Where are we?

12.0 - Approximation Algorithms

• P vs NP
  • NP-hard
  • NP-complete (the one that matters the most)
• Reduction
  • polynomial time reduction
  • we reduce an NP-complete problem into a problem to show that the problem is NP-hard (or NP-complete)
    • A $\le_p$ B
    • A is an NP-complete problem
    • B is the problem we want to show to be NP-hard

Where are we?

12.0 - Approximation Algorithms

• Remember that we are not discussing P vs NP because we want to prove that  P = NP or that P $\ne$ NP
• Our main goal is to get you to recognise hard (i.e.

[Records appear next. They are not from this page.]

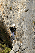 И вот я стартую. Маршрут начинается по здоровенной щели, через некоторое время приходится лезть без дураков, 6 a, может быть, даже с плюсом, лезть надо отнюдь не 30 метров. Ключ очень прикольный – надо забиться целиком в наклонную щель, и извиваясь, как червяк, распираясь всем, чем только можно, продвигаться наверх. Тянется щель наверх 70 метров, оканчивается второй станцией под бастионом «Лапа». В этом месте от маршрута отходит направо вариант «Лапа Справа», куда мы и отправились после слов Сенсея, который утверждал, что на классике нам скучно будет. Да, не соскучились...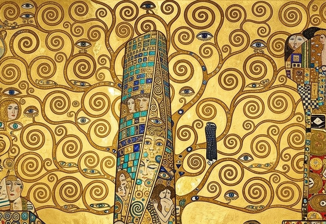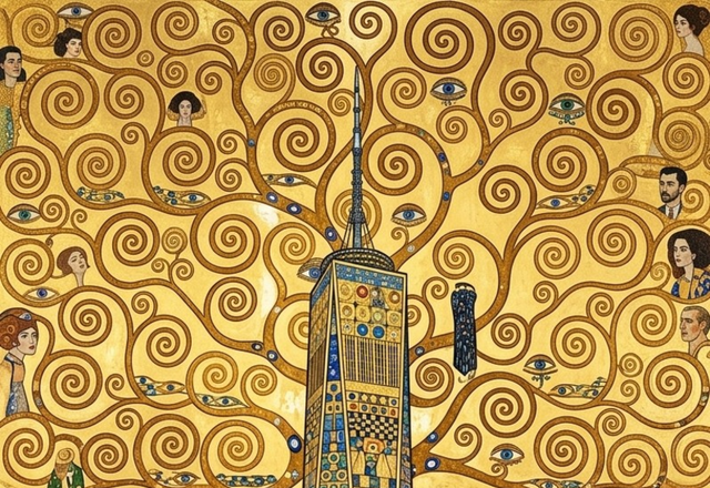 여기에 구스타프 클림트의 찬란한 황금빛 마법을 입고 완전히 새로운 모습으로 태어난 뉴욕의 '원 월드 트레이드 센터'가 있습니다. 이 그림은 차가운 강철과 유리의 빌딩을 찬란한 금박과 보석, 그리고 인간의 감정이 소용돌이치는 예술적 공간으로 뒤바꿔 놓았습니다.보석 모자이크로 빚은 마천루: 화면 중앙의 원 월드 트레이드 센터는 기하학적인 금색 타일과 푸른 보석 모자이크로 덮여 있습니다. 빌딩의 몸통을 감싸는 섬세한 금실 공예와 보석 장식은 그것이 가진 건축적 위엄뿐만 아니라 시각적인 광채를 뿜어내는 듯한 느낌을 줍니다.하늘을 뒤덮은 생명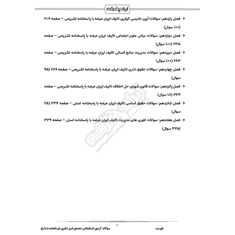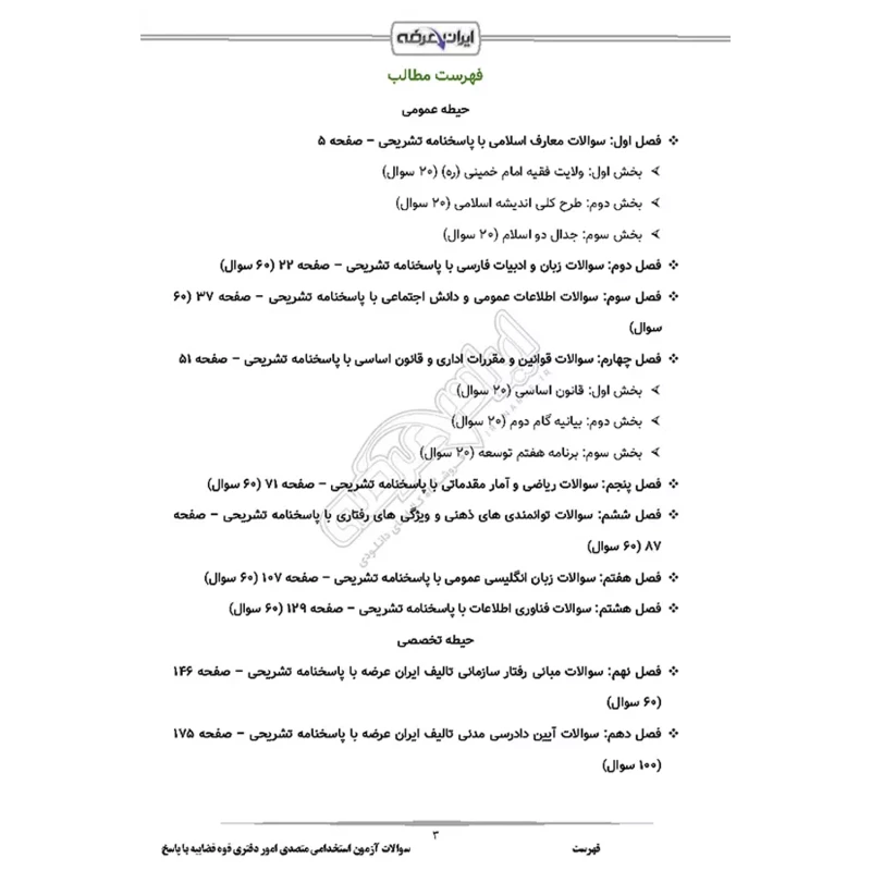 سوالات آزمون استخدامی متصدی امور دفتری قوه قضاییه شامل 1197 سوال با پاسخنامه تشریحی به شرح زیر: حیطه عمومی فصل 1: سوالات معارف اسلامی - صفحه 5 بخش 1: ولایت فقیه امام خمینی (ره) (20 سوال) بخش 2: طرح کلی اندیشه اسلامی (20 سوال) بخش 3: جدال دو اسلام (20 سوال) فصل 2: سوالات زبان و ادبیات فارسی - صفحه 22 (60 سوال) فصل 3: سوالات اطلاعات عمومی و دانش اجتماعی - صفحه 37 (60 سوال) فصل 4: سوالات قوانین و مقررات اداری و قانون اساسی - صفحه 51 بخش 1: قانون اساسی (20 سوال) بخش 2: بیانیه گام دوم (20 سوال) بخش 3: برنامه هفتم توسعه (20 سوال) فصل 5: سوالات ریاضی و آمار مقدماتی - صفحه 71 (60 سوال) فصل 6: سوالات توانمندی های ذهنی و ویژگی های رفتاری - صفحه 87 (60 سوال) فصل 7: سوالات زبان انگلیسی عمومی - صفحه 107 (60 سوال) فصل 8: سوالات فناوری اطلاعات - صفحه 129 (60 سوال) حیطه تخصصی فصل 9: سوالات مبانی رفتار سازمانی تالیف ایران عرضه - صفحه 146 (60 سوال) فصل 10: سوالات آیین دادرسی مدنی تالیف ایران عرضه - صفحه 175 (100 سوال) فصل 11: سوالات آیین دادرسی کیفری تالیف ایران عرضه - صفحه 204 (100 سوال) فصل 12: سوالات مبانی علوم اجتماعی تالیف ایران عرضه - صفحه 235 (100 سوال) فصل 13: سوالات مدیریت منابع انسانی تالیف ایران عرضه - صفحه 264 (100 سوال) فصل 14: سوالات حقوق اداری تالیف ایران عرضه - صفحه 290 (95 سوال) فصل 15: سوالات قانون شورای حل اختلاف تالیف ایران عرضه - صفحه 325 (18 سوال) فصل 16: سوالات حقوق اساسی تالیف ایران عرضه - صفحه 335 (84 سوال) فصل 17: سوالات تئوری های مدیریت تالیف ایران عرضه - صفحه 366 (60 سوال) |

NP) problems so that you do not spend time trying to find an efficient (i.e. polynomial-time) solution for it

Where are we?

12.0 - Approximation Algorithms

• We use reduction to show that a problem is hard, by reducing an NP-complete problem to it
  • so now at least you can tell your boss that the problem is hard
  • but now what?

Where are we?

12.0 - Approximation Algorithms

• Generally, you have three options:
  1. Give up
     • as in, use the exponential time algorithm to solve it (maybe the input size is small enough)
     • use branch-and-bound and/or dynamic programming
     • how often do you have the worst-case anyway?
  2. Consider only special cases 
     • e.g. 2-SAT vs 3-SAT, directed acyclic graph, Euler vs Hamiltonian cycle
  3. Use an approximation algorithm

Approximation Algorithms

12.0 - Approximation Algorithms

• Suppose that you are working on an optimisation problem where each solution is a positive numerical value
  • a lot of optimisation problems are either maximisation or minimisation problems
    • travelling salesman: find the cheapest route
    • knapsack: find the maximum value of items you can carry
• An approximation algorithm is an algorithm that may produce a solution that is suboptimal
  •  can it produce the optimal solution?
    • yes, sometimes

Approximation Ratio

12.0 - Approximation Algorithms

• How do we know if an approximation algorithm is good or bad?
• For any input of size $n$:
  • let $C$ be the solution produced by the approximation algorithm
  • let $C^*$ be the optimal solution
• The approximation ratio $\rho(n)$ of an approximation algorithm is the ratio between $C$ and $C^*$
  • if our problem is a maximisation problem, then $0 \le C \le C^*$, and
    • $C^*/C \le \rho(n)$
  • if our problem is a minimisation problem, then $0 \le C^* \le C$, and
    • $C/C^* \le \rho(n)$

Approximation Ratio

12.0 - Approximation Algorithms

• For maximisation problems, $C^*/C \le \rho(n)$
  • the optimal solution is going to be at most $\rho(n)$ times the solution of the approximation algorithm
• For minimisation problems, $C/C^* \le \rho(n)$
  • the  solution to the approximation algorithm is going to be at most $\rho(n)$ times the optimal solution

Approximation Ratio

12.0 - Approximation Algorithms

• You can think of $\rho(n)$ as a performance guarantee, that is, we guarantee that the result produced by our approximation algorithm is not going to be worse than a factor of $\rho(n)$ compared to the optimal solution
• We say that our approximation algorithm is a $\rho(n)$-approximation algorithm
   
• For example, an $n$-approximation algorithm means that the result of our approximation algorithm is not going to be worse than $n$ times the optimal solution (for a minimisation problem)
  • so if $n =$ 100, and the optimal solution is 7, our answer is not going to be worse than 700
    • that is actually pretty horrific!

Approximation Ratio

12.0 - Approximation Algorithms

• In this unit, we will consider only approximation algorithms with a constant $\rho(n)$ and one that runs in polynomial time
  • e.g. a 2-approximation algorithm means that no matter what $n$ is, our solution will be
    • no more than twice the optimal solution (for minimisation problems) or
    • no less than half the optimal solution (for maximisation problems)
  • in this case, we can drop the $n$, and say it is a $\rho$-approximation algorithm
• What do you think a 1-approximation algorithm is?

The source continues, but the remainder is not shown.